Records provided:
════════════════

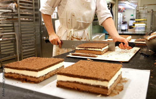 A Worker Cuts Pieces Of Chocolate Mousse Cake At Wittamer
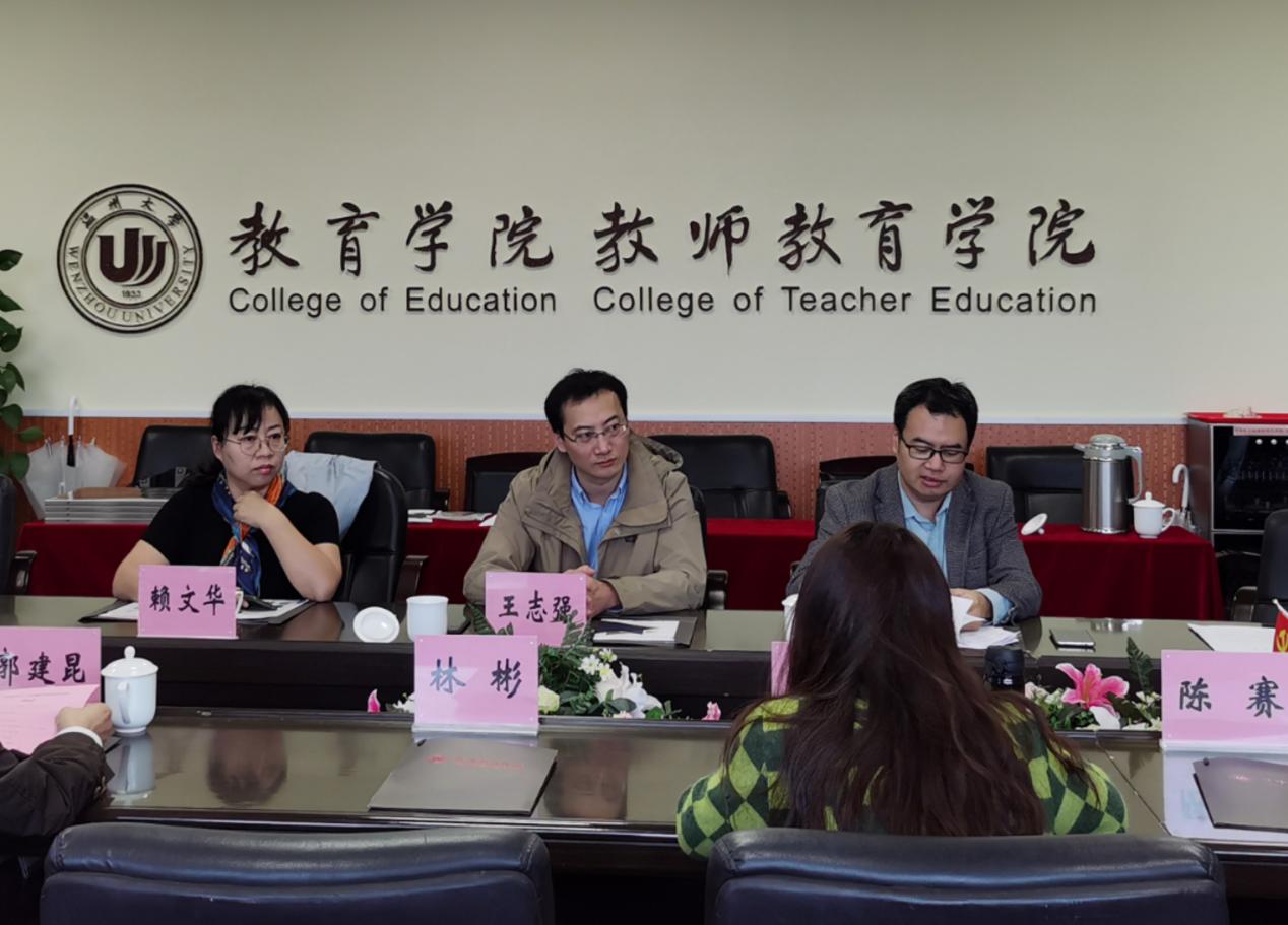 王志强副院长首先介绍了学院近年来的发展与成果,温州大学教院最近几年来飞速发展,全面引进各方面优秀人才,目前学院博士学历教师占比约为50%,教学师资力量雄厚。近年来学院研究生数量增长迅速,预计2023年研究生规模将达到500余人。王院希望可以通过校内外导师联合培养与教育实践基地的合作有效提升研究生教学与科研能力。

════════════════

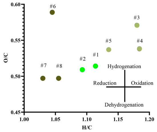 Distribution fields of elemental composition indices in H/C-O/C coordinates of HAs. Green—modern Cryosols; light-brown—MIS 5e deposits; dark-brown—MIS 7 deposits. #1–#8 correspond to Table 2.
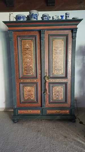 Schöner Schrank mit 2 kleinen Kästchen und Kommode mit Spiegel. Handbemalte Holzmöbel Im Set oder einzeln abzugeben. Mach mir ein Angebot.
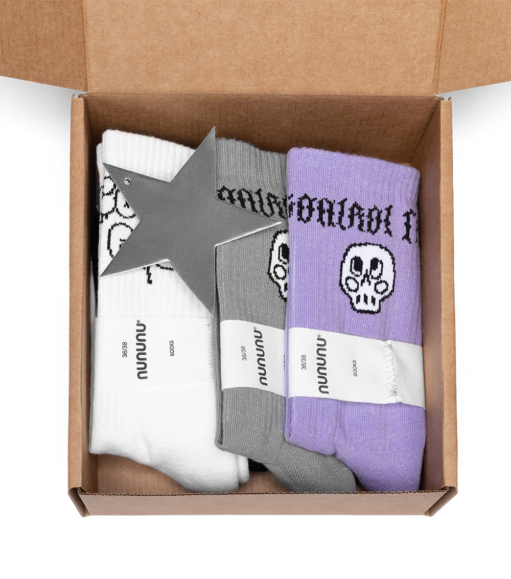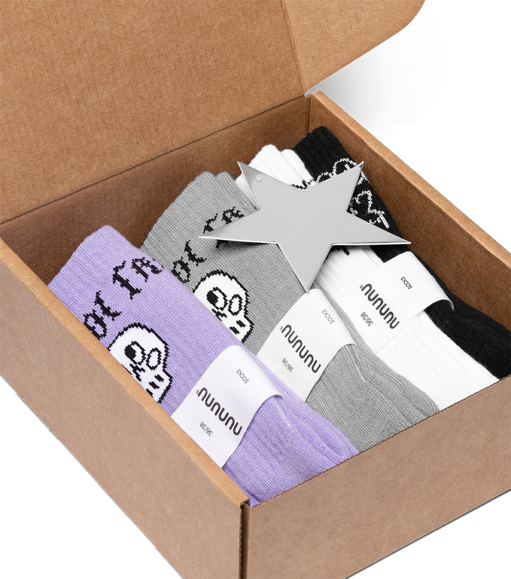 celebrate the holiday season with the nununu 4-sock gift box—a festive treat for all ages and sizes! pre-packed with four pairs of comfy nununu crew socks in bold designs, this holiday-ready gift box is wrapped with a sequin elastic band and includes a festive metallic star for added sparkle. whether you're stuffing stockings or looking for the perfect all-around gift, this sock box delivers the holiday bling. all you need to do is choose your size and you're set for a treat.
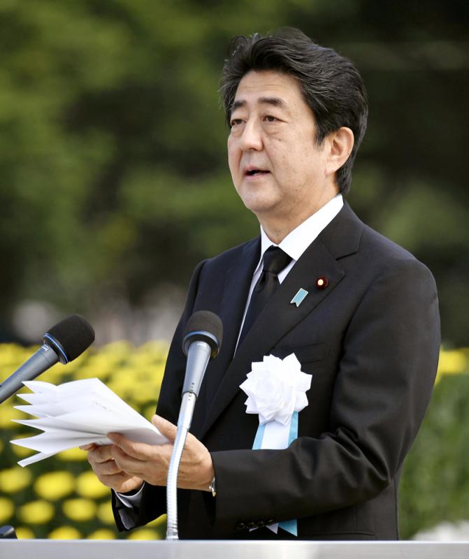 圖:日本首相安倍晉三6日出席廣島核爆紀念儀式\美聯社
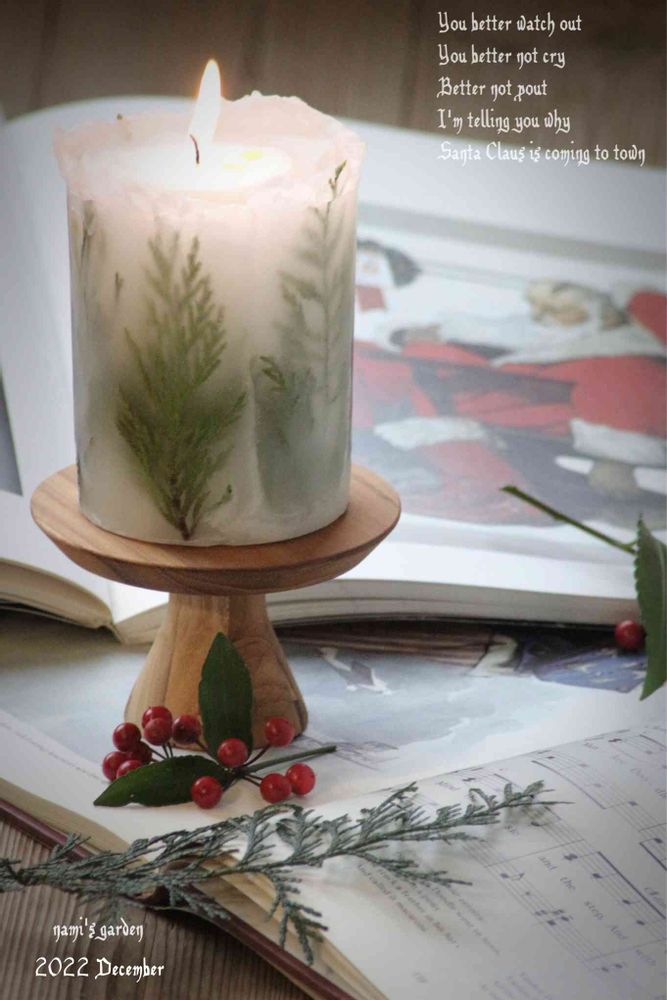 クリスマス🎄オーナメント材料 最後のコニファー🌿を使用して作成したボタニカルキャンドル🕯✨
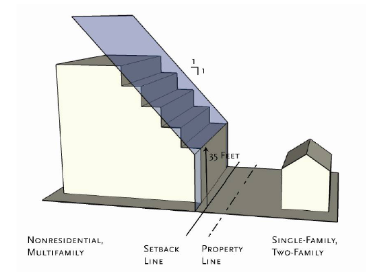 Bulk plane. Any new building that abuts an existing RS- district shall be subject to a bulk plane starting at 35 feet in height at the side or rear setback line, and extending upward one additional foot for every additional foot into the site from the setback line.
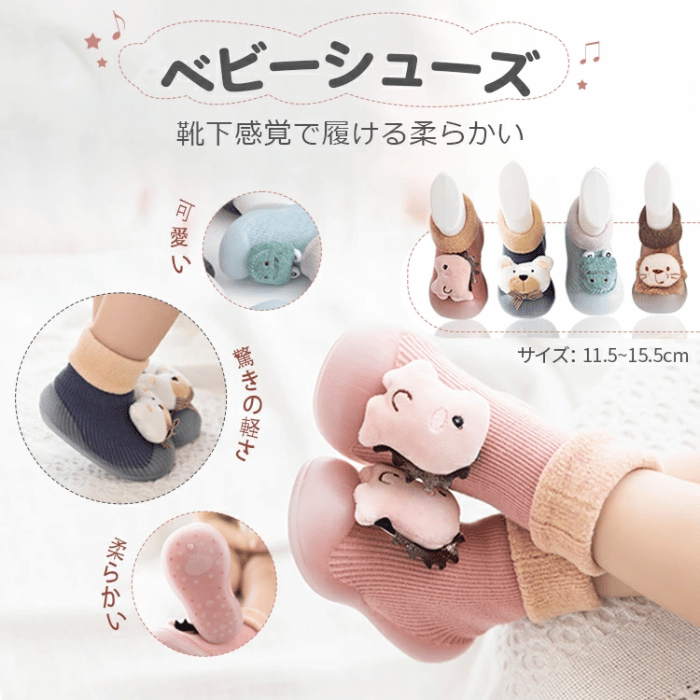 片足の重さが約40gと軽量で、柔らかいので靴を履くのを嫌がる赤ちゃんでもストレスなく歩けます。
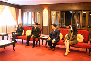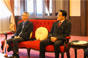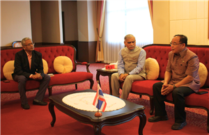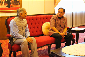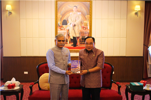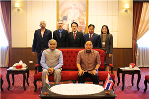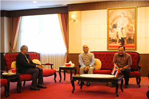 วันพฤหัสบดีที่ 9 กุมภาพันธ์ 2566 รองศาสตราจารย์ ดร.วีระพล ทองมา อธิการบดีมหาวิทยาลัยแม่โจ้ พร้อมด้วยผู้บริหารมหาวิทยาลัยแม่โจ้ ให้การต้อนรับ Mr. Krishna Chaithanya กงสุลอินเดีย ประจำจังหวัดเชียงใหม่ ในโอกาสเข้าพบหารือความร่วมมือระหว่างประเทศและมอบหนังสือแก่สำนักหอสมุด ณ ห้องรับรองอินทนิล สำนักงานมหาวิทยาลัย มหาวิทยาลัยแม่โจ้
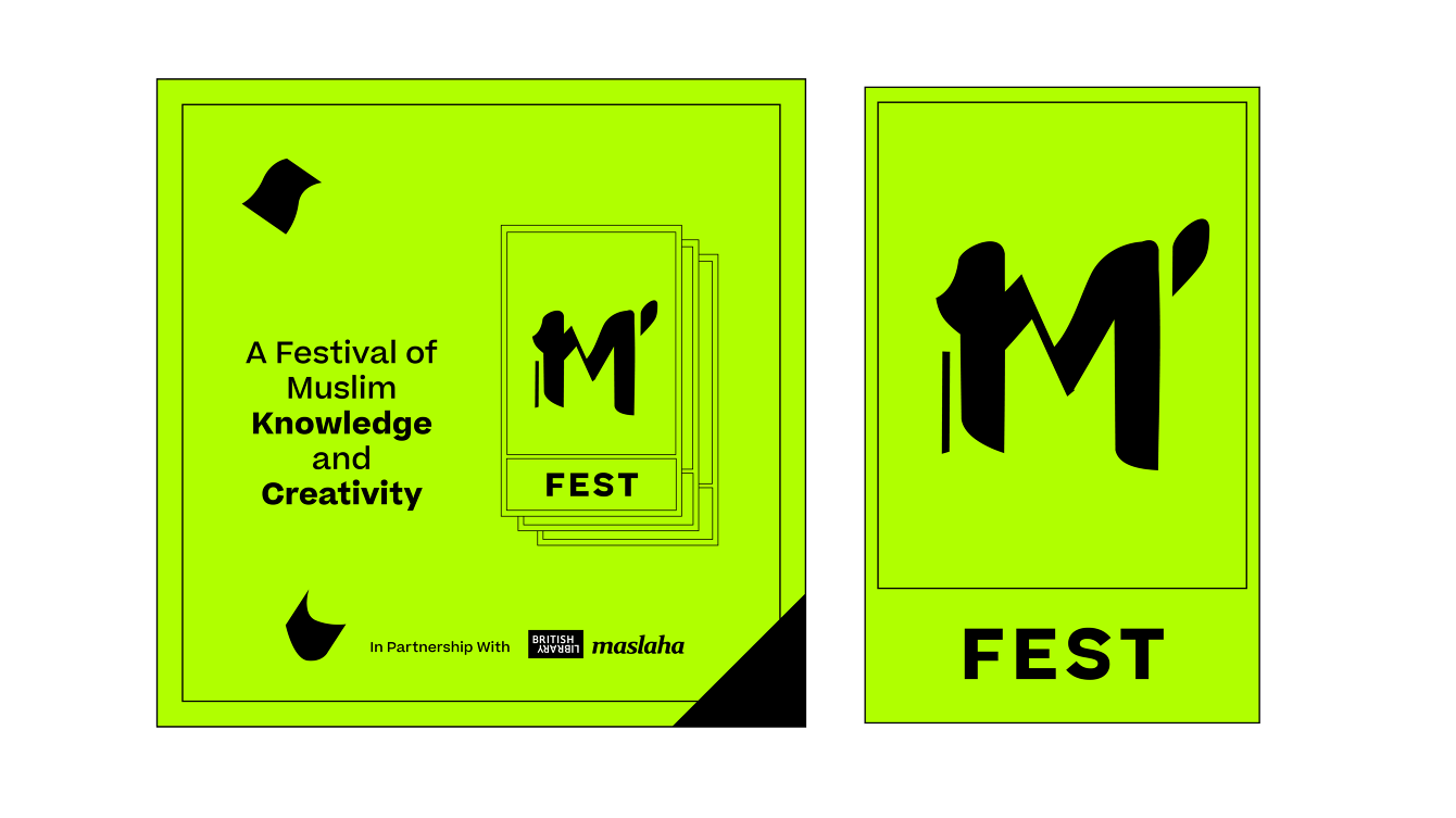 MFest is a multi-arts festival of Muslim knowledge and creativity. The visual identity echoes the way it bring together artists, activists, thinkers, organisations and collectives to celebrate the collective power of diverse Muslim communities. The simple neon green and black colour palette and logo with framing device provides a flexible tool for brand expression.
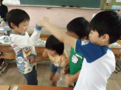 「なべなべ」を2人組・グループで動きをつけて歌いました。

════════════════

Once the line with "Bulk plane. Any" is found in the data above, reproduce it and each line after it exactly, through the line with "วันพฤหัสบดีที่ 9 กุมภาพันธ์". Omit the pictures.

 Bulk plane. Any new building that abuts an existing RS- district shall be subject to a bulk plane starting at 35 feet in height at the side or rear setback line, and extending upward one additional foot for every additional foot into the site from the setback line.
 片足の重さが約40gと軽量で、柔らかいので靴を履くのを嫌がる赤ちゃんでもストレスなく歩けます。
 วันพฤหัสบดีที่ 9 กุมภาพันธ์ 2566 รองศาสตราจารย์ ดร.วีระพล ทองมา อธิการบดีมหาวิทยาลัยแม่โจ้ พร้อมด้วยผู้บริหารมหาวิทยาลัยแม่โจ้ ให้การต้อนรับ Mr. Krishna Chaithanya กงสุลอินเดีย ประจำจังหวัดเชียงใหม่ ในโอกาสเข้าพบหารือความร่วมมือระหว่างประเทศและมอบหนังสือแก่สำนักหอสมุด ณ ห้องรับรองอินทนิล สำนักงานมหาวิทยาลัย มหาวิทยาลัยแม่โจ้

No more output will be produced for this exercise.